Establishing appropriate boundaries is key, not only in developing life skills in young children, but also in raising teenagers and adolescents. The boundaries may change, but there must be balance. Studies show that setting healthy boundaries inspires intrinsic motivation within a child, which helps them develop healthy boundaries for themselves in every aspect of their lives.
Enforce and model
Stacey Bruen—a Scottsdale-based licensed professional counselor specializing in children, adolescents and families—says boundaries need to be realistic, measurable and enforceable. In addition, the parent should be involved, available and approachable.
“If you do not have enforceable boundaries and limits, your child will find the crack,” she says. “When parents set boundaries, it allows children to tap into their critical thinking before they put themselves into any situation.”
This critical thinking will prepare children to analyze risks and consequences of their decisions and actions—a crucial life skill as they gain more independence.
Developing a healthy relationship between you and your child also acts as a model for them in their development of their own relationships. Bruen explains that just as parents’ enforcement of boundaries is critical, so is being a role model of appropriate behavior.
Children observe and often follow their parents’ example, so modeling limits and discipline will positively influence their understanding and obeying of boundaries.
Impact on relationships
Clinical psychologist Dr. Lisa Strohman explains that without positive role models, kids and teens will likely develop interpersonal issues that can impact their future relationships.
“We see kids crossing the line more and more in relationships with peers and, as they get older, they will be more likely to disrespect their partner’s needs,” she says.
Once a child reaches early adulthood and gains more independence, the boundaries between the parent and child tend to blur. This line becomes even more clouded when a child graduates from high school and moves on to college or a career. There is only so long you can keep your child completely under your wing and when your children grow up and leaves the house, your modeling will be their example of boundaries.
“A parent’s job is to hold credibility and be a role model no matter the age of the child,” says Bruen.
Never too old
A recent poll of college students at Arizona State University show that even college-age children need and want some boundaries, structure and discipline—although they may not always voice this desire.

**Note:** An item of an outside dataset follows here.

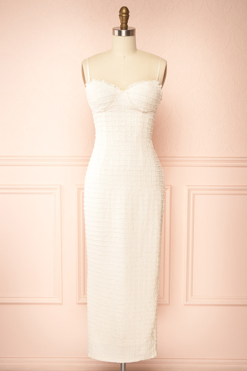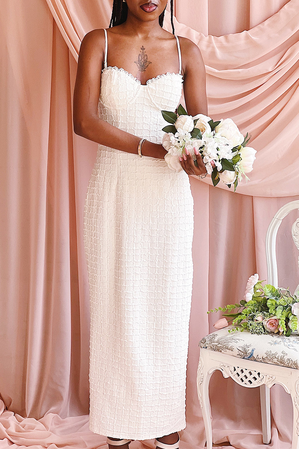 Step into the spotlight with this irresistibly chic long fitted textured dress, designed to accentuate your silhouette with a stunning corset back for a tailored fit! The delicate lace trim at the bust adds a touch of romance, while the thin adjustable straps that are removable and stylish back slit ensure you move with confidence and grace. With a convenient side zipper for easy dressing, this dress is your new go-to for making unforgettable memories!

Bruen says boundaries and limits should still be present, just more flexible as the child enters adulthood—adding that a lack of boundaries between parents and adult children is harmful to the relationship and personal growth.
“When boundaries are not established, parents of young adults often become intertwined in each other’s lives, and don’t have the tools to stop enabling this continued interdependence,” she says.
Strohman recommends parents encourage their children to find solutions to their problems and continue to clearly define their expectations. For example, if your child is home from college for a break, perhaps they no longer have a curfew, but they do have to call and let you know what time they will be home so that you are not worried.
Or if you financially support your college-age child, giving them a monthly budget may be a beneficial boundary. You won’t be able to control exactly how they spend the money, but they’ll learn the responsibility of spending wisely and appropriately. These boundaries allow your child to be independent, but also accountable for their actions and choices.
Lead by example
Whether you’re setting boundaries in behaviors, relationships or finances, they are an essential part of life. These rules and expectations allow children to develop self-control from a young age so they can become independent and self-confident adults. No matter the age your children, it’s important to lead by example in setting appropriate boundaries in all aspects of life.